1 Paige Ch. 622 | New York Court of Chancery | 1829

The Chancellor :—On a bill filed in this court for a set-off, the powers of this court are more extensive than those of courts of common law where a set-off is claimed there in the ordinary progress of a suit. But on applications of this kind I apprehend the ground on which relief is granted is the same in all courts. It is the equitable control which they *are authorized to exercise over the parties and proceedings in causes before such courts, to prevent injustice. Hence one court will not order a party against whom a judgment has been obtained, to deduct the amount from a judgment which he has obtained against the adverse party in another court, but will leave such adverse party to apply to the court where the judgment against himself had been obtained, and which court alone has power to control the proceedings on that judgment. (Brewerton v. Harris and Harris, 1 John. Rep. 144; Lessee of Underwood v. Courtown, Irish Term.
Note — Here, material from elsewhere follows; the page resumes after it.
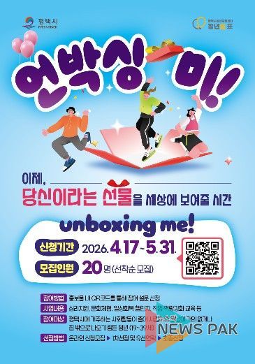 뉴스팍 이소율 기자 | 평택시 청년지원센터는 4월 17일부터 5월 31일까지 평택시에 거주하는 사회활동이 줄어 사람과의 만남이 거의 없거나 집 밖으로 나오기 힘든 청년의 일상 회복과 사회 참여 촉진을 위해 실시하는 지원사업 '언박싱 미!' 참여자를 모집한다.

Rep. 427.) I am not aware of any case in which a set-off has been allowed on motion, either in this court or in a court of law, except where the demand claimed to be set off against the judgment or decree of the adverse party was judicially determined or settled by the order, judgment or decree of some court of competent jurisdiction. The demand which the complainant claims to off set against this decree for costs, is nothing but a promissory note on which no judgment or decree has passed. Although the answer admits the defendant’s indebtedness, which might have been conclusive against him in this suit, this cause is now at .an end. In the suit now pending in the Supreme Court on the note, the defendant will still be at liberty to plead the illegality of the consideration set up in his affidavit on this motion. Independent of the solicitor’s lien, I think the note is not a proper subject of set off against this decree for costs.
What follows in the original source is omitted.